- Emme Rylan as Lizzie Spaulding
- Portrayed by: Julie Levine (1990–1991); Hayden Panettiere (1996–2000); MacKenzie Mauzy (2000–2002); Allison Hirschlag (2002–2003); Crystal Hunt (2003–2006); Emme Rylan (2006–2009);
- Duration: 1990–1991, 1996–2009
- First appearance: November 28, 1990
- Last appearance: September 18, 2009
- Created by: Pam Long
- Introduced by: Robert Calhoun (1990); Paul Rauch (1996);

= Lizzie Spaulding =

Lizzie Spaulding is a fictional character from the CBS soap opera Guiding Light. The role was last portrayed by actress Emme Rylan from February 7, 2006 to September 18, 2009.

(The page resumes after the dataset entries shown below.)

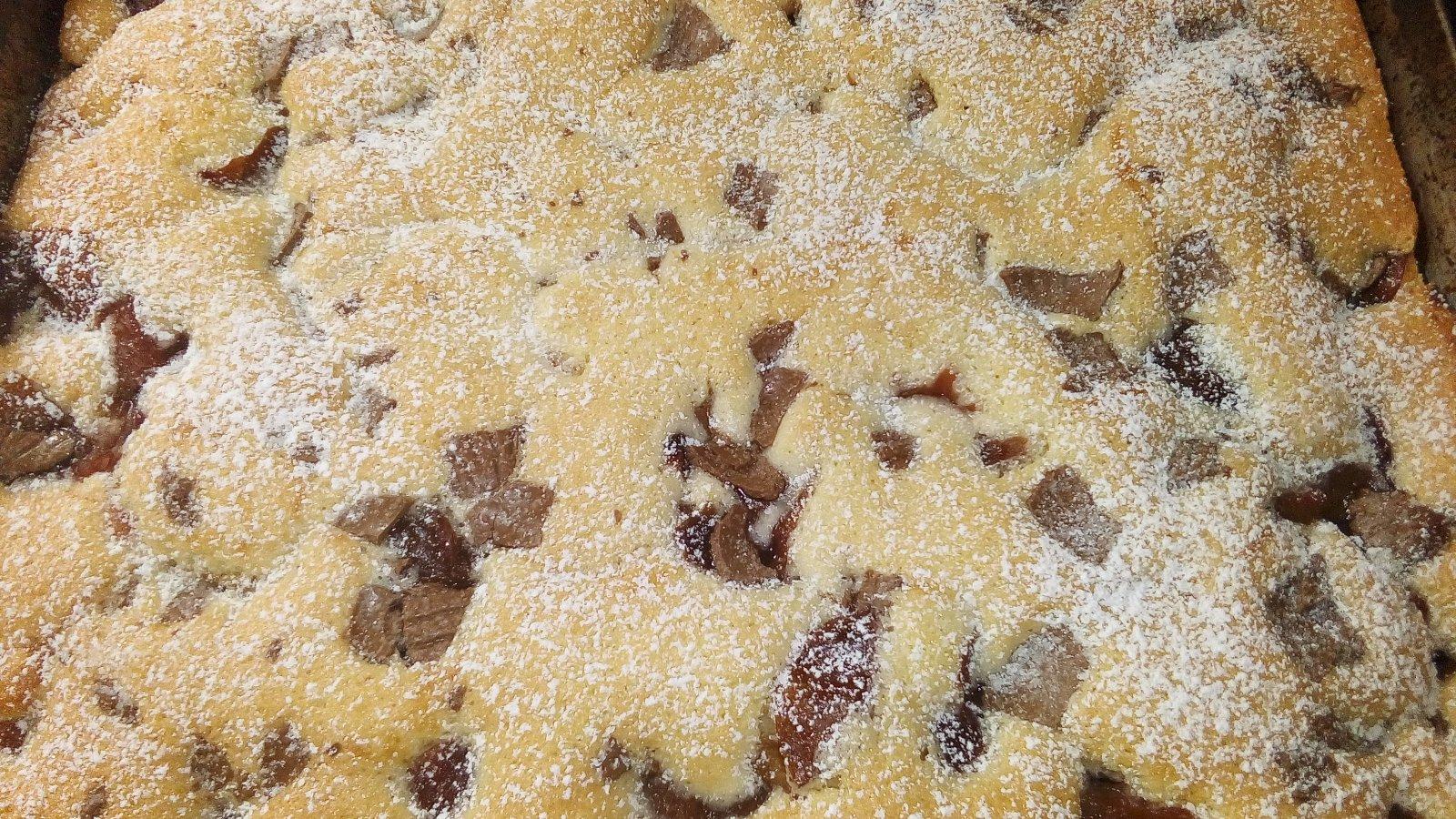 recept : 4 celé vajcia vyšľahať s 20dkg kryštálového cukru. Do hustej peny vmiešať 20dkg hladkej múky zmiešanej s 1 práškom do pečiva, vliať 100ml oleja, 100ml vody. Všetko spolu zmiešať, vyliať na plech, poukladať ovocie a pridala som aj kúsky mliečnej čokolády, piecť na 180 asi 20-25minút. Hotový pocukrovať.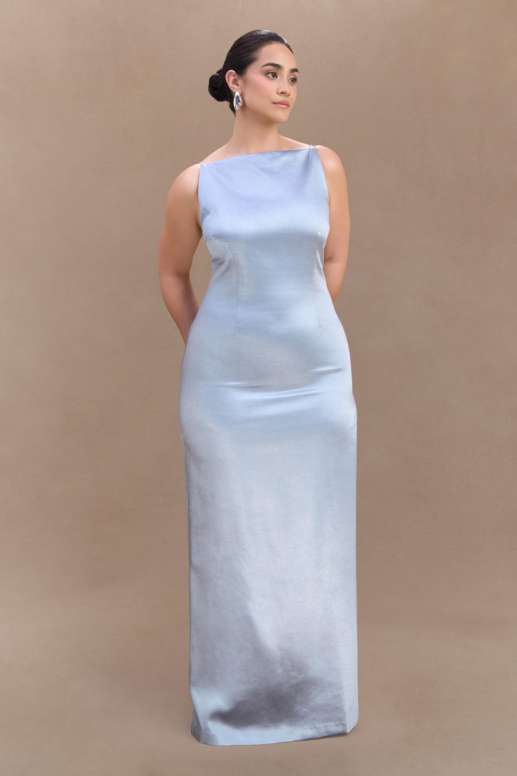 Violet Sleeveless Satin Maxi Dress - Frosted Blue Product Image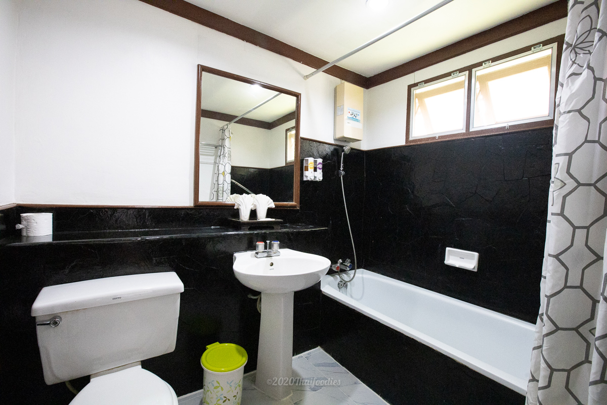 The bathroom is clean with a full bath and free shampoo and shower bath gel. Room service and still water are ready to serve.

She is the daughter of Phillip Spaulding and Beth Raines, born onscreen on Thanksgiving in 1990. Her birth year was later revised to 1986 when she turned 18 in 2004. She is the third Elizabeth in her family; her paternal grandmother and mother's first names are Elizabeth as well.
For Lizzie's battle with leukemia in 2000, the show received a Special Recognition Award from the Leukemia and Lymphoma Society for bringing national awareness of the disease to the attention of daytime viewers.

==Casting==
The role of Lizzie as an infant was played by Julie Levine from 1990 to 1991. The role was assumed on December 5, 1996, by Hayden Panettiere, who initially appeared for only a few episodes. However, Panettiere returned regularly the following year, from November 1, 1997. For Lizzie's battle with leukemia in 2000, the soap received a Special Recognition Award from the Leukemia and Lymphoma Society for bringing national awareness of the disease to the attention of daytime viewers. In 2000, Panettiere vacated the role, with her last airdate on October 13, 2000. It was recast with MacKenzie Mauzy, who aired from November 21, 2000 to July 16, 2002. Mauzy then was replaced by Allison Hirschlag, who portrayed the role from August 12, 2002 to January 28, 2003 when the character was rapidly aged. Hirschlag’s stint was brief when she was replaced and the role was assumed by Crystal Hunt on February 25, 2003. Hunt received a Daytime Emmy Award nomination for Outstanding Younger Actress in a Drama Series, as well as a Soap Opera Digest Award nomination for her portrayal. Hunt departed on January 31, 2006, and the role was last portrayed by Emme Rylan from February 7, 2006 to the soap's series finale on September 18, 2009.

==Family==
Lizzie has had a difficult family life. As a member of the wealthy Spaulding family, she has gone through a chaotic childhood and adolescence. Though her family wields great influence in Springfield, they have enemies which is justified given her father, uncle and grandfather's misdeeds. Lizzie has also involved herself in a great amount of trouble in her young life leading her to have periods of mental disturbance like her father.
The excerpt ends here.